More Catholics encouraged to become public safety chaplains

CHAPIN—Deacon Greg Weigold has launched an effort to draw people into a statewide ministry that he has been a part of in the Columbia area for the past six years.

Deacon Weigold, from Our Lady of the Lake parish, met Deacon Ron Anderson at what is now the Basilica of St. Peter and was first introduced to the chaplaincy program. Deacon Anderson is currently a chaplain at the Richland County Sheriff’s Office.

“He kind of talked me into it,” Deacon Weigold said, noting that he also received a nudge from the late Msgr. Joseph Roth.

Msgr. Roth, who passed away in 2011, was a chaplain and volunteer firefighter with the Sullivan’s Island Fire Department in the early 1990s. He was the first Catholic priest to become chaplain of the South Carolina Firemen’s Association and the Fire Chief’s Association, and in 2007 was named the first Catholic priest to the state Firefighters’ Hall of Fame.

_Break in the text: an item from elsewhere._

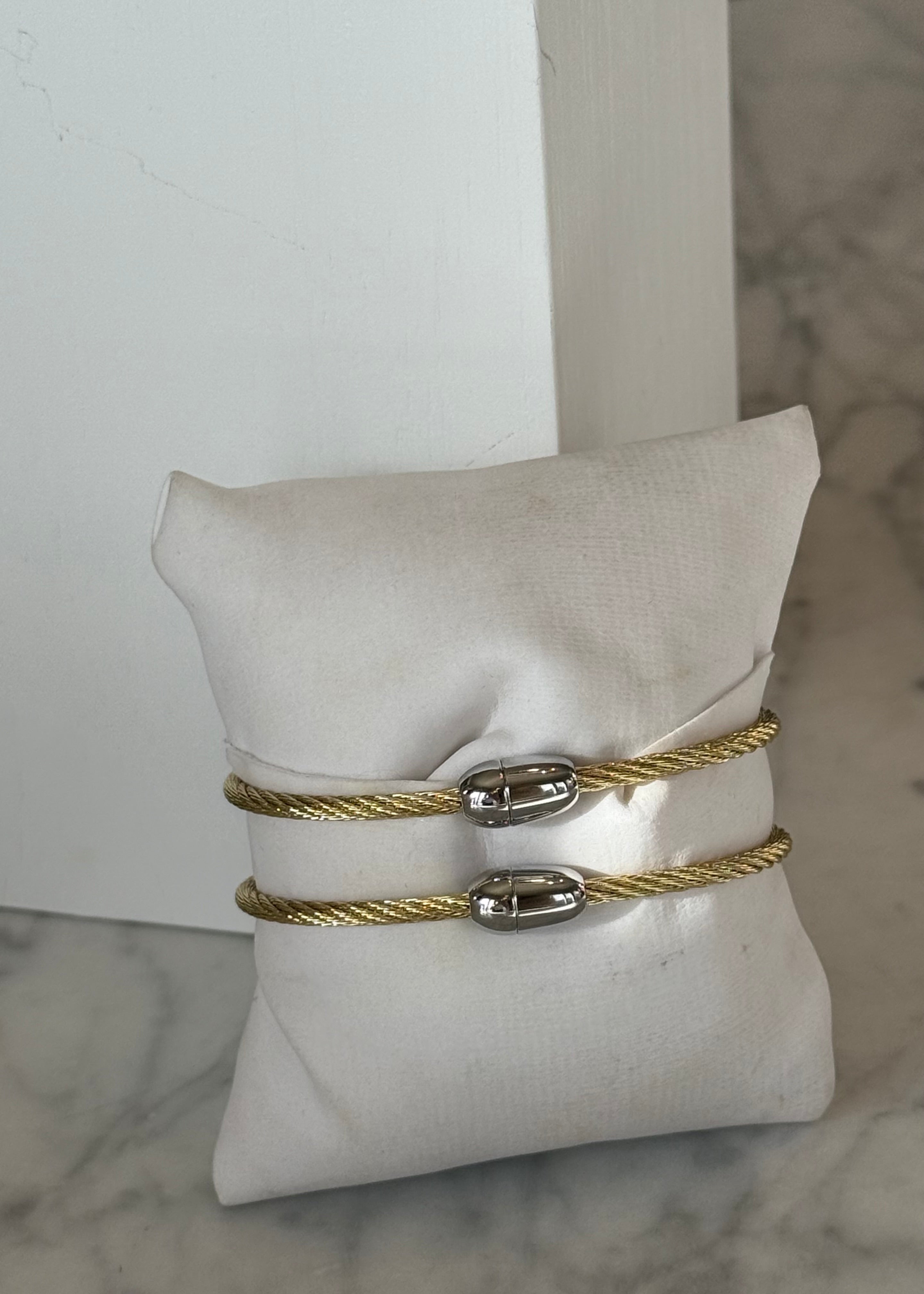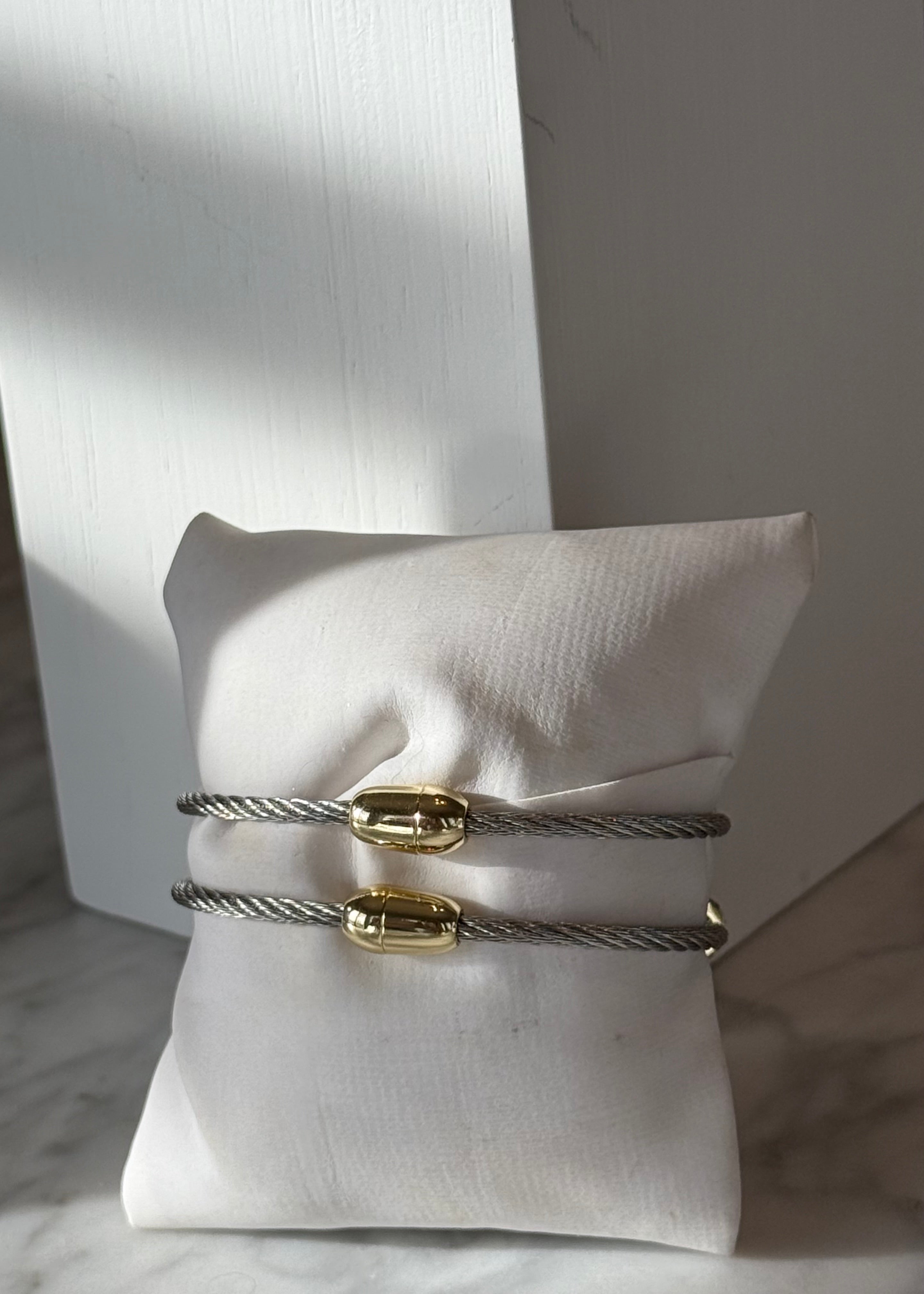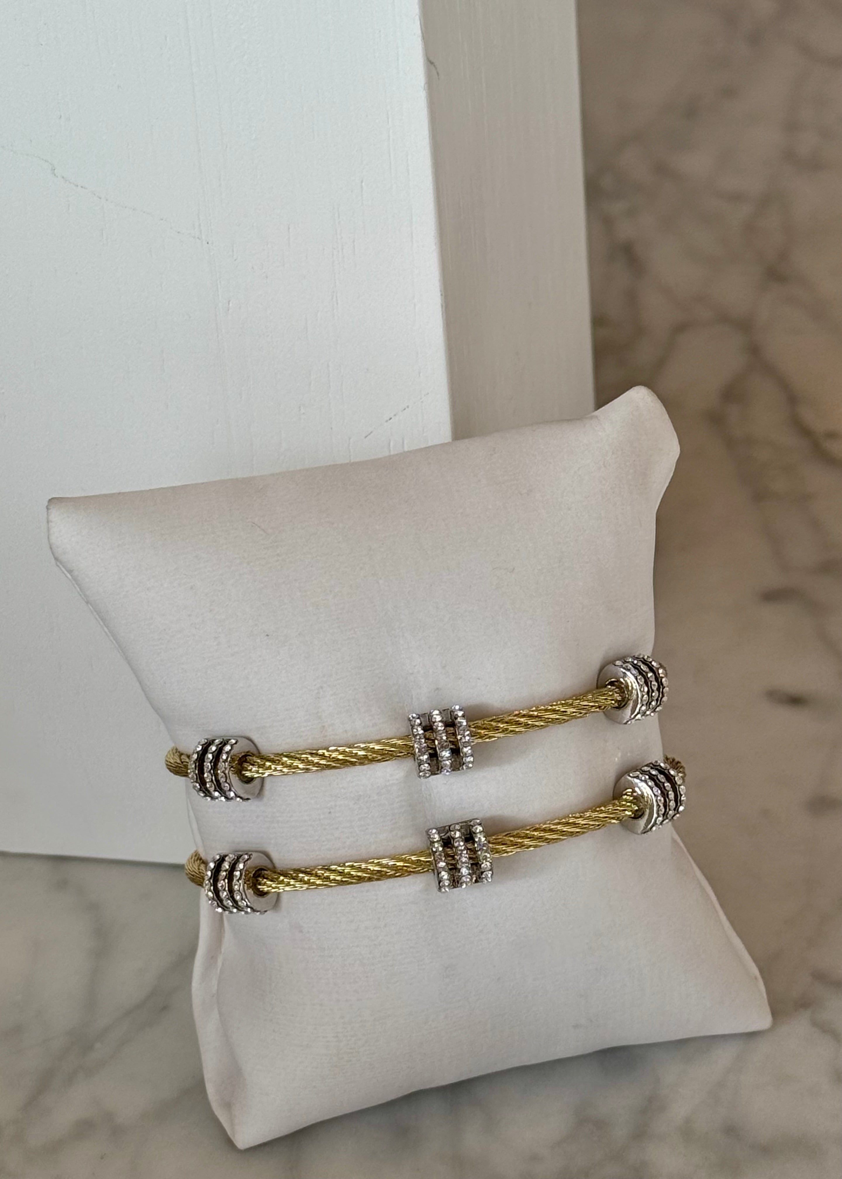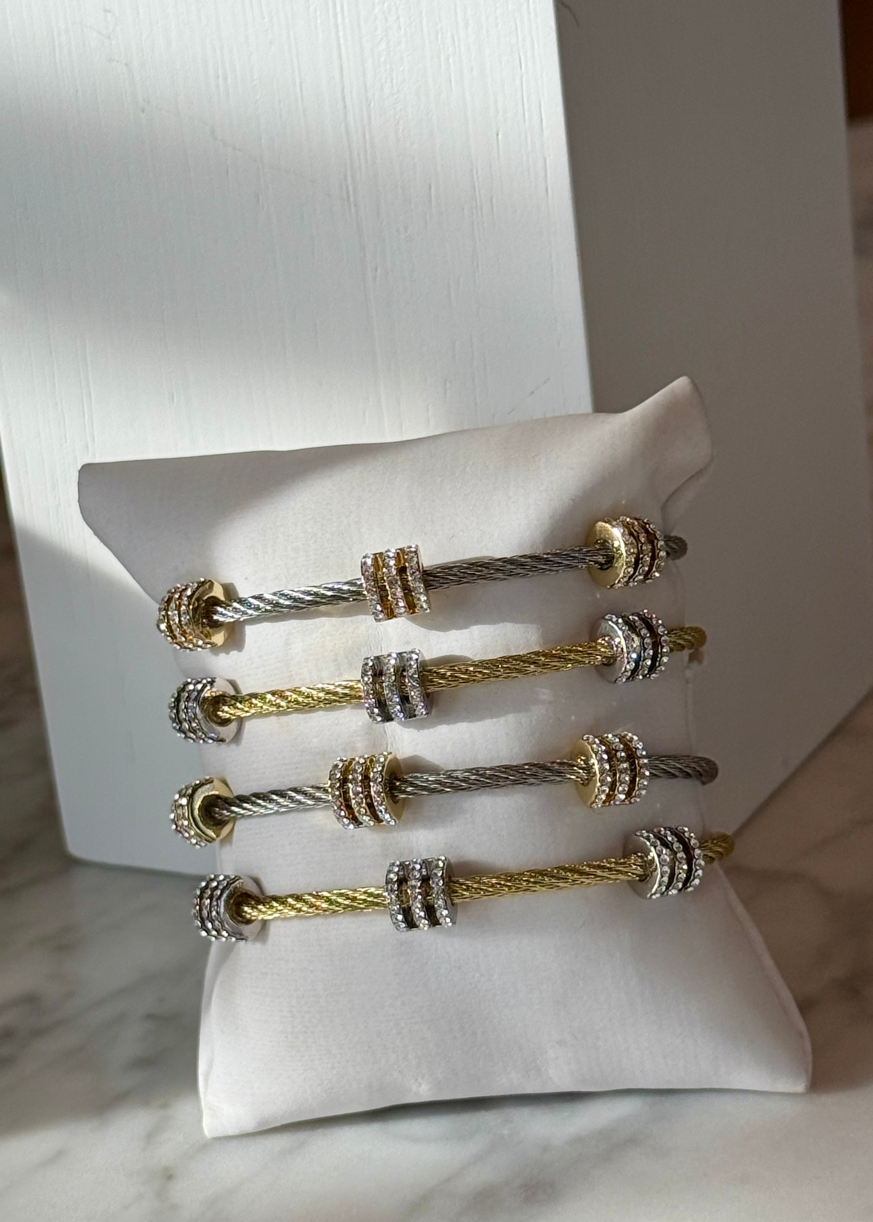 Get the best of both worlds with the Casey Bracelet. This mixed metal cable bracelet not only adds a touch of edginess to your look, but also features pave accents for a touch of sparkle. Perfect for any occasion, this bracelet is a must-have for any jewelry collection!

“He was the state fire chaplain for a long time and whenever I saw him, I would say to myself, ‘I could do something like that’,” Deacon Weigold said. “He first put the idea in the back of my mind.”

 Deacon Weigold has a long history of public service, including 14 years in law enforcement in New Jersey, four years in firefighting, and four years in civil air patrol in S.C.  

He learned early in his chaplaincy that the program in South Carolina is “kind of a closed community … I had to kind of dig around, call, email, kind of keep at it.”

Finally, he contacted the Chapin Police Department. Working with the police chief, the two put together a manual for the chaplain position, and within a year Deacon Weigold was installed as the department’s first chaplain. Now, five years later,  he’s still there.

 Deacon Weigold said public service chaplains are more common in large communities. Columbia’s police department currently has a half-dozen chaplains, while the Richland and Lexington County sheriff’s offices each have close to a dozen.

The deacon said people don’t know chaplains exist because generally they work behind the scenes.

“The only time most people meet a police or fire chaplain is typically when they are making a death notification,” he said.

A normal day includes riding with officers on patrols and striking up conversations to “give them the chance to get stuff off their chest, whether it’s about stuff going on in the department, their fellow officers, their wives, their kids, whatever. 

“We’re someone they can talk to who understands where they’re coming from, and who isn’t in the command structure.”

Chaplains also make themselves available to inmates, should they wish to talk,  Deacon Weigold said.

In the Lowcountry, the Coastal Crisis Chaplaincy and its 29 volunteer chaplains currently serve public service agencies in concert with the South Carolina Public Safety Chaplains Association, which provides chaplain training and support.

Deacon Weigold said as far as he knows, none of the volunteer chaplains in the Coastal Chaplaincy are Catholic. In fact, other than himself and Deacon Anderson, the only other Catholic chaplain he knows is Deacon John Tempesco, from Transfiguration Church in Blythewood. 

The small number of Catholics is a figure he would like to change, especially in the Lowcountry.

“You don’t have to be clergy to be a chaplain,” he said. “You don’t have to have experience in law enforcement, fire or EMS. There are a lot of Catholics living in the Charleston area, and it would be nice to have a couple of Catholic chaplains for Coastal Crisis Chaplaincy.”

Though volunteers are instructed not to evangelize while serving as public safety chaplains, “you are, simply by your presence,” he said.